Data listing ->
────────────────
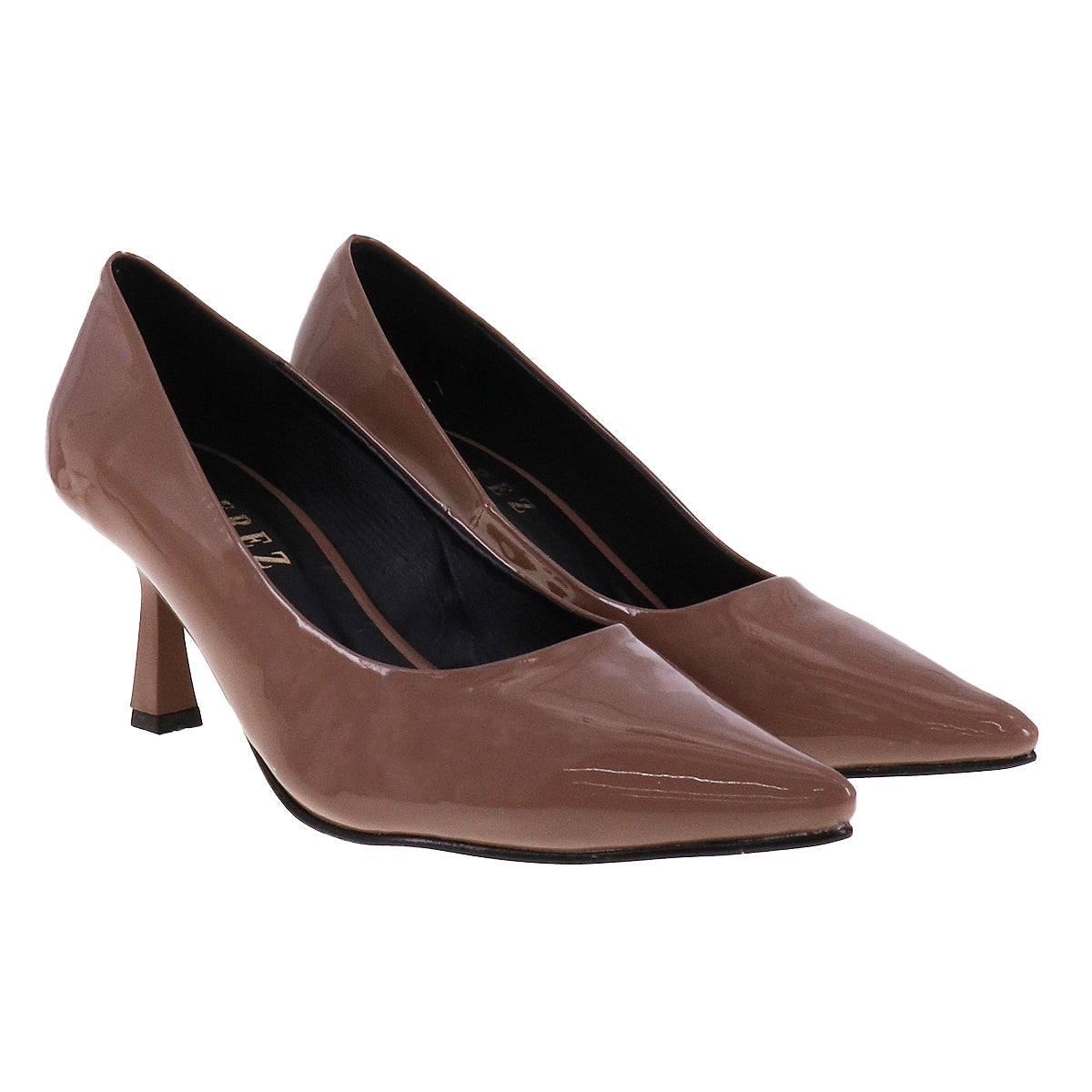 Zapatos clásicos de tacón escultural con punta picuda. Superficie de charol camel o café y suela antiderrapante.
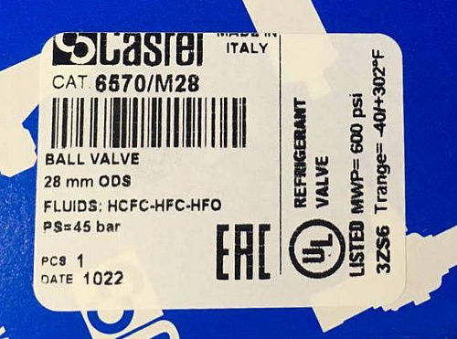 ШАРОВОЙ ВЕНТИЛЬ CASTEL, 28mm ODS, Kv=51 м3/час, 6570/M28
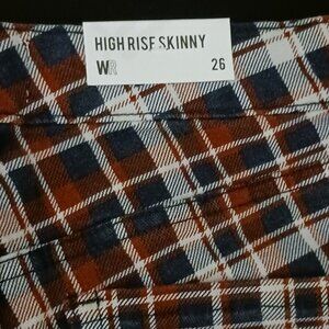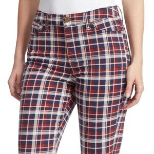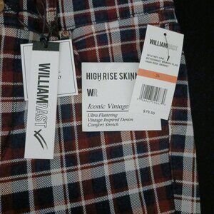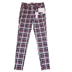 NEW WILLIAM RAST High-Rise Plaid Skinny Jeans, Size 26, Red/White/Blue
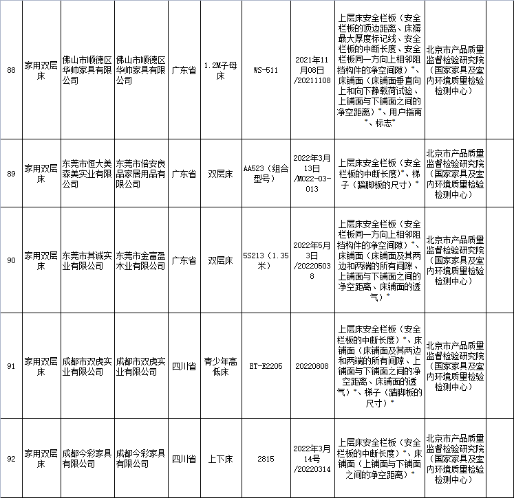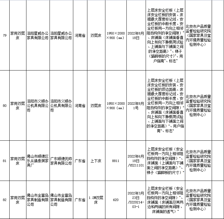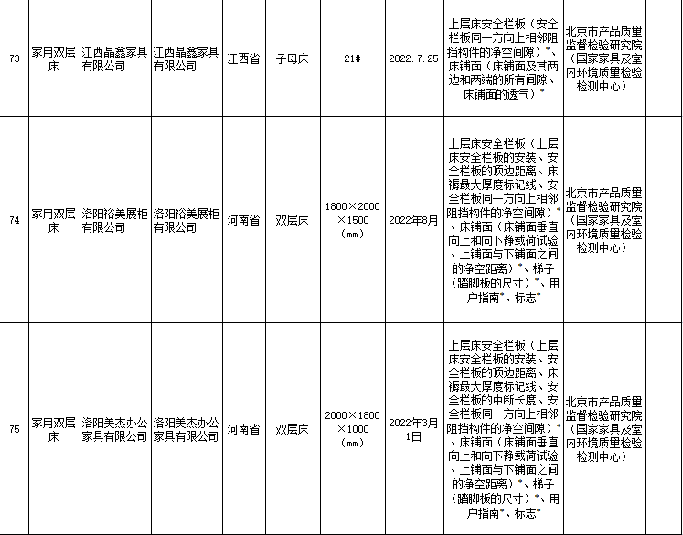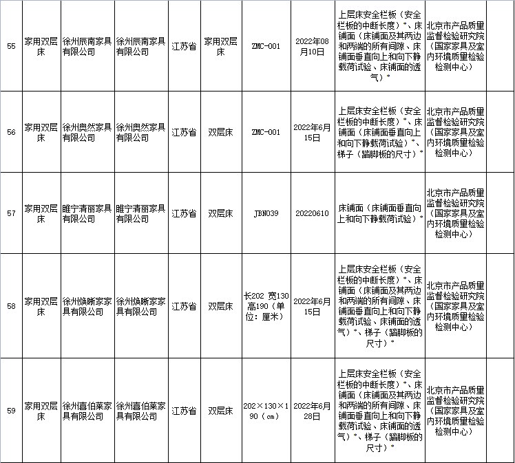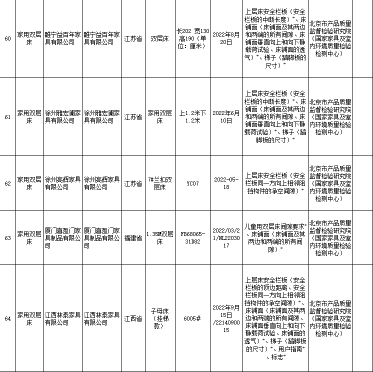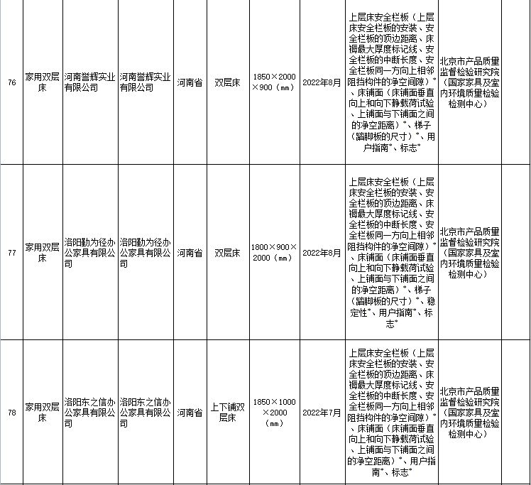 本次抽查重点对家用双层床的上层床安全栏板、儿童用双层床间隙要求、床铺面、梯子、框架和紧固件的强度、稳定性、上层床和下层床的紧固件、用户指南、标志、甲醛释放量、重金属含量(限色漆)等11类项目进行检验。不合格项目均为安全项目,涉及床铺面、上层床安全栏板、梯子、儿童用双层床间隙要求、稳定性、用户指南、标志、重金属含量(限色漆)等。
────────────────
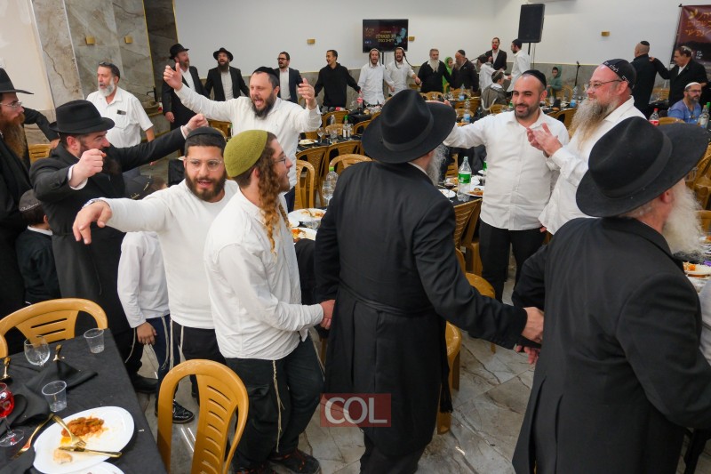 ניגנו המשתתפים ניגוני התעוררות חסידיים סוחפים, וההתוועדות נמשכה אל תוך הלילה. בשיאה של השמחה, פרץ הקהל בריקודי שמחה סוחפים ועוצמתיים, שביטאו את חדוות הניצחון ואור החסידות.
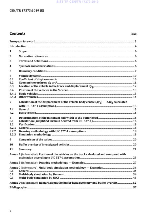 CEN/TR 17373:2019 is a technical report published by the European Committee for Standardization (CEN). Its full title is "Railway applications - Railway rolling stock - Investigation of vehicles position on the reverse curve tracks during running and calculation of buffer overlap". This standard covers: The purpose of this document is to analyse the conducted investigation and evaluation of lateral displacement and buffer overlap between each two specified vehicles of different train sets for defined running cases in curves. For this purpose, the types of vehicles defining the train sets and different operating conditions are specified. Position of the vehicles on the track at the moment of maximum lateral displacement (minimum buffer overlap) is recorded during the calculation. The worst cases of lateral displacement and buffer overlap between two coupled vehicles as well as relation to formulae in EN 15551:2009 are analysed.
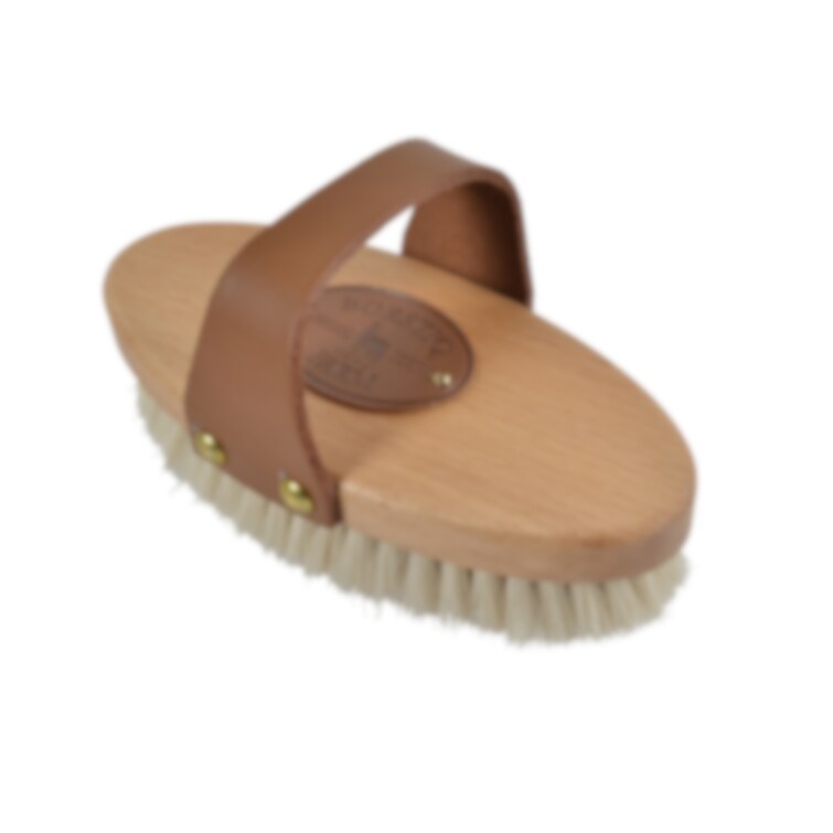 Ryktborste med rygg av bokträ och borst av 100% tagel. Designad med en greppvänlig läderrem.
────────────────
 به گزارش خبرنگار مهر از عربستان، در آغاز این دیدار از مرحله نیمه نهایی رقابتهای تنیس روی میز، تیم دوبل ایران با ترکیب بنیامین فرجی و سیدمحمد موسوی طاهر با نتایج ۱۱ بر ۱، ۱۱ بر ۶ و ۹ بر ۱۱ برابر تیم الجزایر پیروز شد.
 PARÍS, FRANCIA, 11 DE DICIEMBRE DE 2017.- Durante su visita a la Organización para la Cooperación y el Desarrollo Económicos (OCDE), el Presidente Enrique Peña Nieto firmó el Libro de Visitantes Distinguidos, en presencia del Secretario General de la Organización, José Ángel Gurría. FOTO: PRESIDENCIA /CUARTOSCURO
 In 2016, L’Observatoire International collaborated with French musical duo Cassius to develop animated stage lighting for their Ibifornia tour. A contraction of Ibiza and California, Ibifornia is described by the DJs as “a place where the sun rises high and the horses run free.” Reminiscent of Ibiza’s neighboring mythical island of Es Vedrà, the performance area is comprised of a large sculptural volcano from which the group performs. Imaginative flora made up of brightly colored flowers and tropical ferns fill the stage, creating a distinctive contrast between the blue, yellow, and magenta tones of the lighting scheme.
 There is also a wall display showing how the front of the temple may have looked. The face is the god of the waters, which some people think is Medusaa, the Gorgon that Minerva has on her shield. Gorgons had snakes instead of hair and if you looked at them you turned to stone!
────────────────
What is being asked -> Look above for the line with "NEW WILLIAM RAST", then print it and each line after it down to and including the line with "本次抽查重点对家用双层床的上". Leave out the pictures and keep the wording exact.

Answer box ->
 NEW WILLIAM RAST High-Rise Plaid Skinny Jeans, Size 26, Red/White/Blue
 本次抽查重点对家用双层床的上层床安全栏板、儿童用双层床间隙要求、床铺面、梯子、框架和紧固件的强度、稳定性、上层床和下层床的紧固件、用户指南、标志、甲醛释放量、重金属含量(限色漆)等11类项目进行检验。不合格项目均为安全项目,涉及床铺面、上层床安全栏板、梯子、儿童用双层床间隙要求、稳定性、用户指南、标志、重金属含量(限色漆)等。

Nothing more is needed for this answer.